A plan that focuses on giving people who were jailed for driving under the influence a second chance at life goes into its next phase on Friday.

Gov. Dannel Malloy said he's opening up a unit at the Cybulski Community Re-integration Center in Enfield to help DUI offenders.

He began the initiative last year as a means to cut down on the amount of non-violent offenders who are behind bars.

The governor saw the plan in action earlier this month.

The unit at the prison in Enfield will support those incarcerated for driving under the influence with tailored services to reduce the rate of repeat offenders and lower crime, according to Malloy.

"We want to lower recidivism," Malloy said. "There is a certain reality people, who come to prison, are people, who have been here in the past."

Malloy visited the facility on Friday and met with repeat offenders. 

"It gets you more educated on how to cope with it, so you don't find your self going through this problem," Richard King, who is a DUI offender, said. "In other words know when you need to get a little help, more support on the outside."

The U.S. Centers for Disease Control and Prevention reported that about 2 percent of adults in Connecticut said they drove after drinking too much in the past 30 days.

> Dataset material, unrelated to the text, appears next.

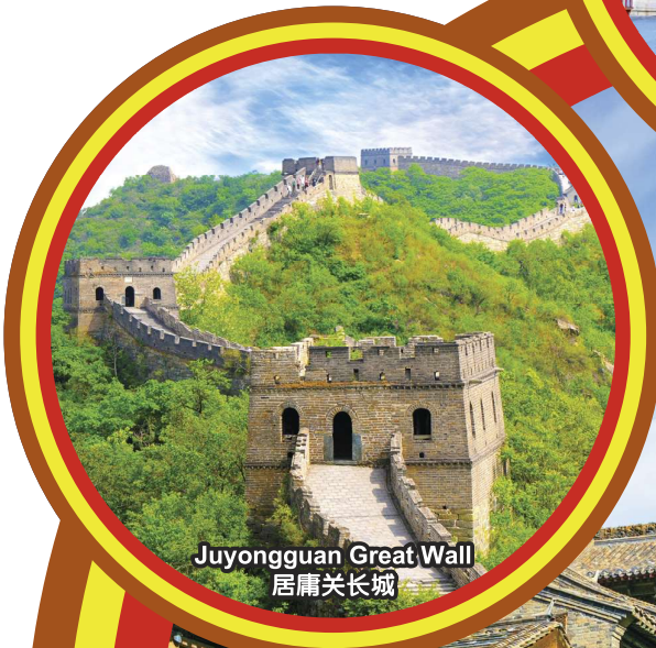
Juyongguan Great Wall 居庸关长城

Mothers Against Drunk Driving said more than 40 percent of all traffic deaths in Connecticut last year were connected to drunk drivers.

"I hope you will own your crime and speak to our young people in Connecticut and other offenders and impact panels because it's your story that makes the difference," Janice Hegge Margolis with Mothers against Drunk Driving said. 

A similar program is in place for incarcerated war veterans.

Malloy's push for criminal justice reform brought him to Germany last year where punishment is far different. Prisoners are allowed organized sports, video games and keys to their own cells. It may seem strange, but German prisons cost less and produce far fewer repeat offenders.

When Malloy and Department of Commission Commissioner Scott Semple were in Germany, they were interviewed by 60 Minutes.

“As opposed to what the American system became, which was primarily punishment, their punishment and reform,” Malloy said. “We have to spend as much time and energy and money on helping people reform their behaviors."

60 Minutes was in Germany doing a story on criminal justice reform. The story will air on Channel 3 on Sunday evening. 

Malloy's plan come as the state continues to work through a projected $220 million budget shortfall to end this fiscal year.